---- EXERCISE DATA

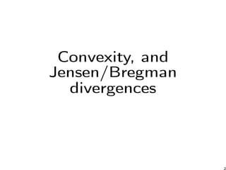 This document discusses generalized divergences and comparative convexity. It introduces Jensen divergences, Bregman divergences, and their generalizations to quasi-arithmetic and weighted means. Quasi-arithmetic Bregman divergences are defined for strictly (ρ,τ)-convex functions using two strictly monotone functions ρ and τ. Power mean Bregman divergences are obtained as a subfamily when ρ(x)=xδ1 and τ(x)=xδ2. A criterion is given to check (ρ,τ)-convexity by testing the ordinary convexity of the transformed function G=Fρ,τ.
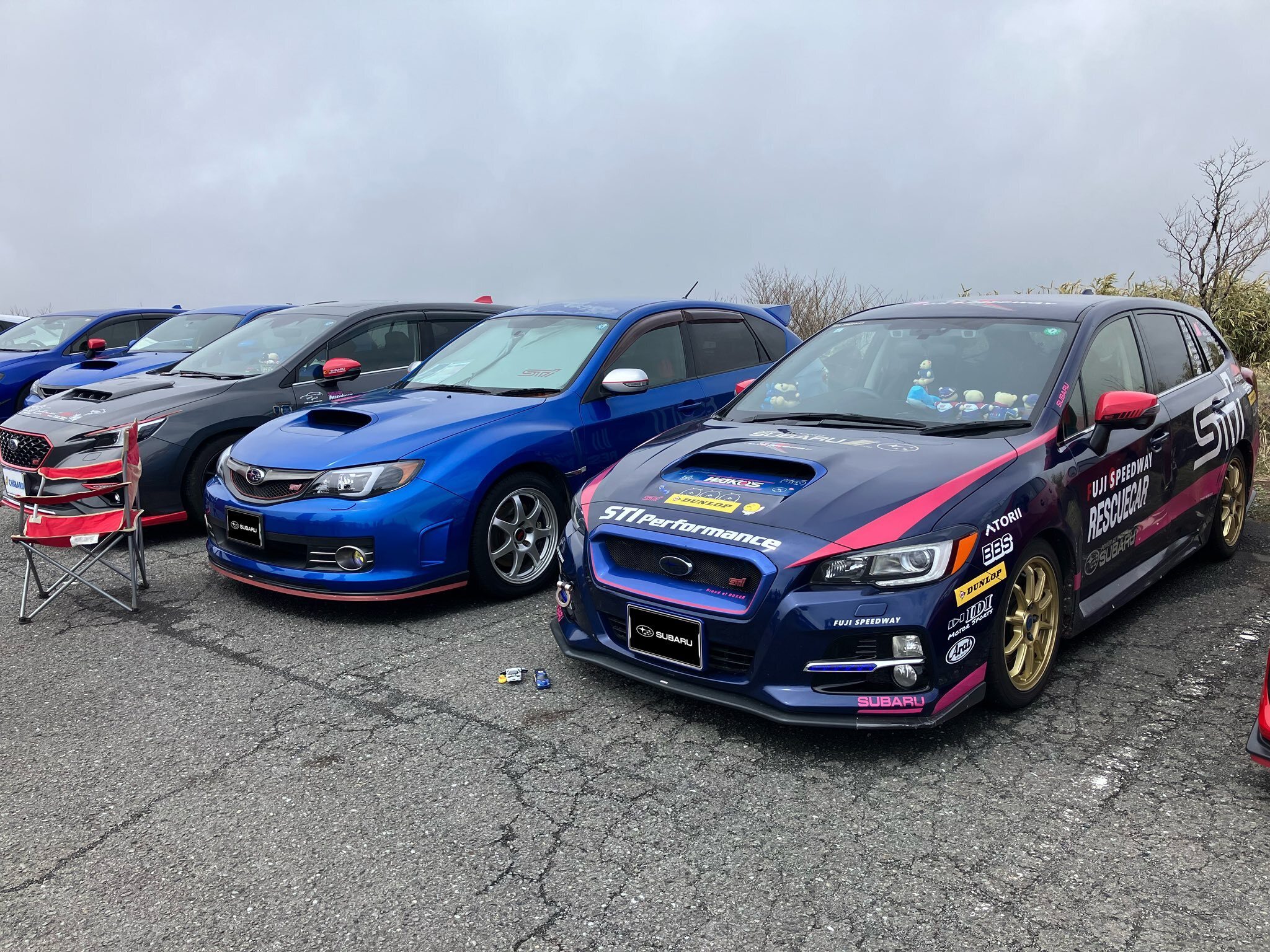 強風、霧、寒冷に苛まれ富士山は殆ど見えませんでしたが、65台のSUBARU車が集結、顔見知りの人も増えてきて楽しく情報交換やクルマ談義に盛り上がりました。
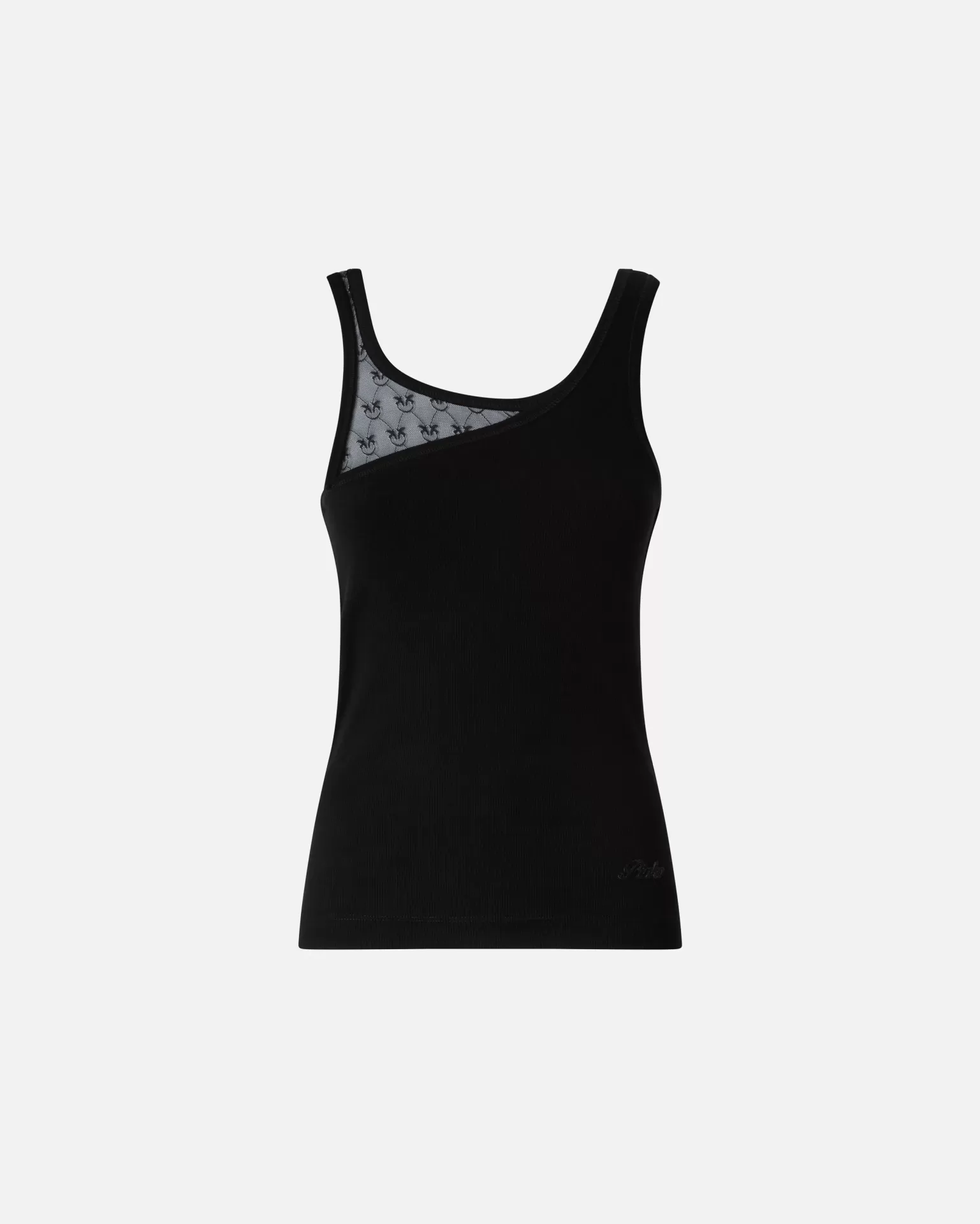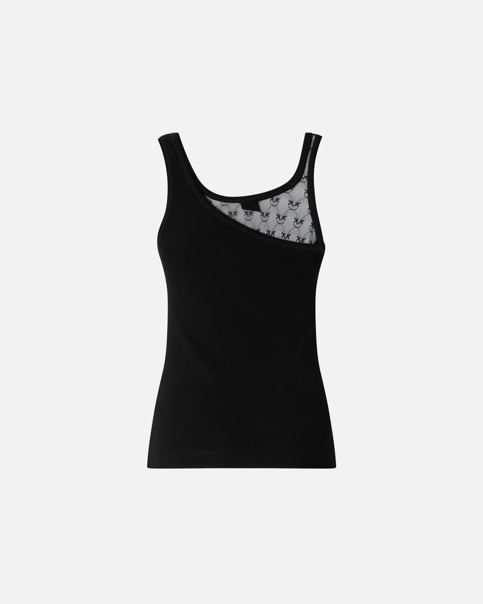A contemporary silhouette that elevates the essentials. This sleeveless Pinko vest top combines a fine stretch cotton base with translucent lace panels featuring the iconic Love Birds logo, creating a subtle dialogue between softness and urban attitude. The round neckline and fitted cut flatter the figure with effortless elegance, perfect for transitioning from day to night.
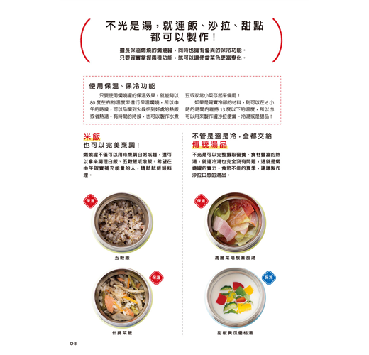 燜燒罐的保溫功能就跟保溫調理器一樣。只要掌握住訣竅,就連白飯、五穀飯、燉飯等都可以一罐搞定。甚至,連相當花費時間烹煮的水煮豆、根莖類蔬菜、乾物的燉煮、溫泉蛋、豆腐,都可以簡單製作,所以燜燒罐能夠以保溫調理器的形式,發揮出最大的功能。

--------

## REQUIRED ACTION
Return the material exactly as it reads, though without the pictures it holds.

## EXERCISE RESULT
 This document discusses generalized divergences and comparative convexity. It introduces Jensen divergences, Bregman divergences, and their generalizations to quasi-arithmetic and weighted means. Quasi-arithmetic Bregman divergences are defined for strictly (ρ,τ)-convex functions using two strictly monotone functions ρ and τ. Power mean Bregman divergences are obtained as a subfamily when ρ(x)=xδ1 and τ(x)=xδ2. A criterion is given to check (ρ,τ)-convexity by testing the ordinary convexity of the transformed function G=Fρ,τ.
 強風、霧、寒冷に苛まれ富士山は殆ど見えませんでしたが、65台のSUBARU車が集結、顔見知りの人も増えてきて楽しく情報交換やクルマ談義に盛り上がりました。
A contemporary silhouette that elevates the essentials. This sleeveless Pinko vest top combines a fine stretch cotton base with translucent lace panels featuring the iconic Love Birds logo, creating a subtle dialogue between softness and urban attitude. The round neckline and fitted cut flatter the figure with effortless elegance, perfect for transitioning from day to night.
 燜燒罐的保溫功能就跟保溫調理器一樣。只要掌握住訣竅,就連白飯、五穀飯、燉飯等都可以一罐搞定。甚至,連相當花費時間烹煮的水煮豆、根莖類蔬菜、乾物的燉煮、溫泉蛋、豆腐,都可以簡單製作,所以燜燒罐能夠以保溫調理器的形式,發揮出最大的功能。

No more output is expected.